▸ Exercise description
I would like the lines below, from the one with "Fot 10. Ściana" through the one with "Afb. 3. Naastgelegen boerderij.", copied exactly and without any pictures.

▸ Exercise material
+ + +
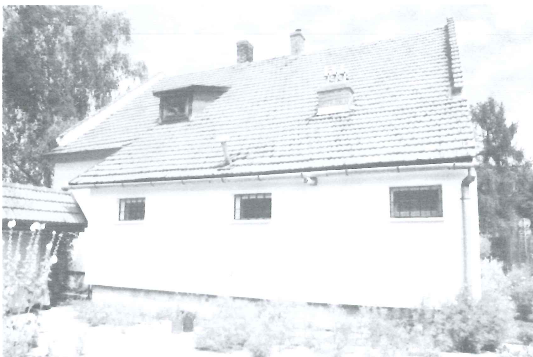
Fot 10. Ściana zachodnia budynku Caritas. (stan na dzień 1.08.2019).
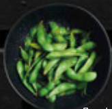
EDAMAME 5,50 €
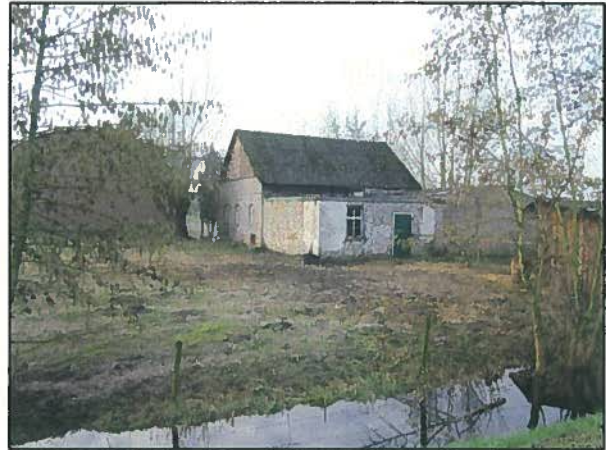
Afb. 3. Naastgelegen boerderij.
+ + +
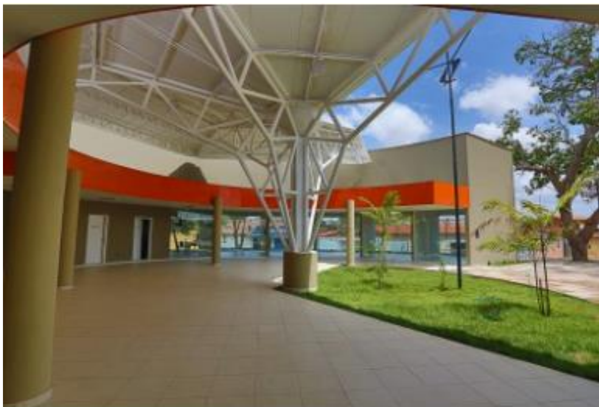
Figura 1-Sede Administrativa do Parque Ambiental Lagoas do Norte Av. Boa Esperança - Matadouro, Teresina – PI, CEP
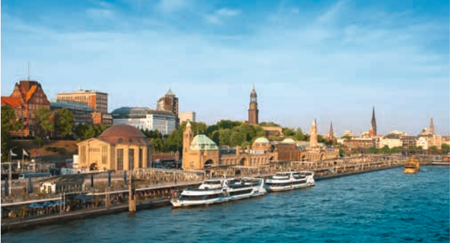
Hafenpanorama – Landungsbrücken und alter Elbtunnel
+ + +
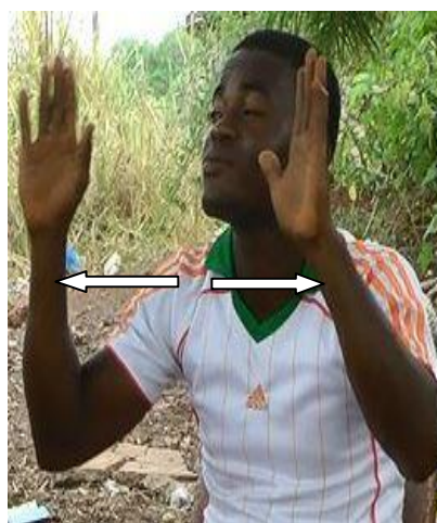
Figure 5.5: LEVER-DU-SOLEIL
+ + +
▸ Written solution
Fot 10. Ściana zachodnia budynku Caritas. (stan na dzień 1.08.2019).
EDAMAME 5,50 €
Afb. 3. Naastgelegen boerderij.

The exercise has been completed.